Mannhec's FebruaryThing
Flavors of citrus, floral and spice highlight this big-alcohol deep amber ale that is normal-bodied and hoppy.
ABV%
6.2
DEFAULT: 4.5 - 6.2
IBU
30
DEFAULT: 25 - 40
OG
1.057
DEFAULT: 1.045 - 1.060
FG
1.010
DEFAULT: 1.010 - 1.015
SRM
11
DEFAULT: 10 - 17
 
Transferred two batches of non-pico brewed beer from fermenter to keg last night. Got huge amounts of hop aroma from both batches, something I've never had with a pico brewed batch. Fingers crossed!

What yeast and how much. How long of fermentation. How did you dry hop.
 
Oh, and I built and ordered this FreeStyle, waiting on it to arrive.
Mannhec's Mighty Stout
A bitter, deep black stout. It is very full-bodied and robust with citrus, floral and tropical fruit notes.
ABV%
8.0
DEFAULT: 8.0 - 12.0
IBU
50
DEFAULT: 50 - 90
OG
1.078
DEFAULT: 1.075 - 1.115
FG
1.017
DEFAULT: 1.018 - 1.030
SRM
83
 
Those look good. I have a couple more kickstarter packs to get through then I will build a couple freestyles. I have a few ideas I'm looking forward to.
 
What yeast and how much. How long of fermentation. How did you dry hop.

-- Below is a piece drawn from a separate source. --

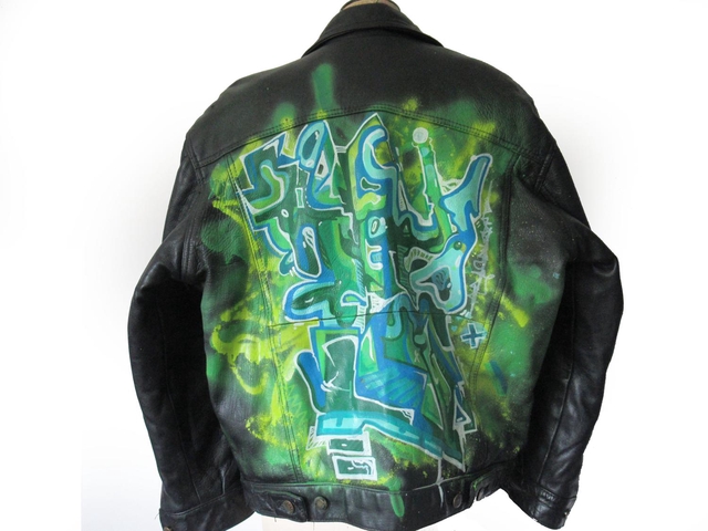 A Leather Bomber Jacket taken to the Uvawld and given a funky flavoursome new design. Hues of red green and turquoise in an abstract composition that beams with underwater energy

Did roughly 1/3 pack of US05 in one batch and roughly 1/2 pack of liquid WY1318 in the other.
Dry hopped the NEIPA on day five with about 1/2 oz of citra/simcoe. Tons of hop sludge in the fermenter and tons in the keg. So much that it clogged the dip tube :\
 
Did roughly 1/3 pack of US05 in one batch and roughly 1/2 pack of liquid WY1318 in the other.
Dry hopped the NEIPA on day five with about 1/2 oz of citra/simcoe. Tons of hop sludge in the fermenter and tons in the keg. So much that it clogged the dip tube :\

Nice. That should be good. One of the keys to a Pico batch is to remove the dry hops from their filter paper and use a traditional hop sack or toss them in the keg. They recently changed their hop paper, the jury is still out on that. I have a fresh squeezed batch fermenting, it had the new hop paper, I will give it a try and report back.
 
Tried a sample of the US05 batch and even flat it's still way better than anything I've had produced by the Pico. Absolutely none of the sour/cidery aroma and flavor that I've come to expect. Don't know why all my Pico batches are so terrible
 
How much yeast did you pitch in the Pico batches? That's the reason. 1 tsp and proper fermentation time.
 
My first three batches I followed the included instructions and pitched the whole packet of yeast. Batch number four I pitched half a packet. Batch five was a measured teaspoon, and turned out undrinkable. :confused:
 
Hmm undrinkable? Something is going on. Fermentation time? I'm using a tilt to verify fermentation is complete, using the fast fermentation adapter at 74'. The quickest batch to complete was party porter, the smallest ABV of the 5 batches I've used tilt, took 7 days. The longest was Plinius at 11 days. The others were around 8-9 days. I always give them another day or two after fermentation is complete to start a 2-3 day cold crash. If your fermenting standard at cooler temps I can see that taking a couple more days than my warmer fermentation. Other than that I can only think of infection, which is pretty rare, or you just really don't like the fruity esters US-05 produces.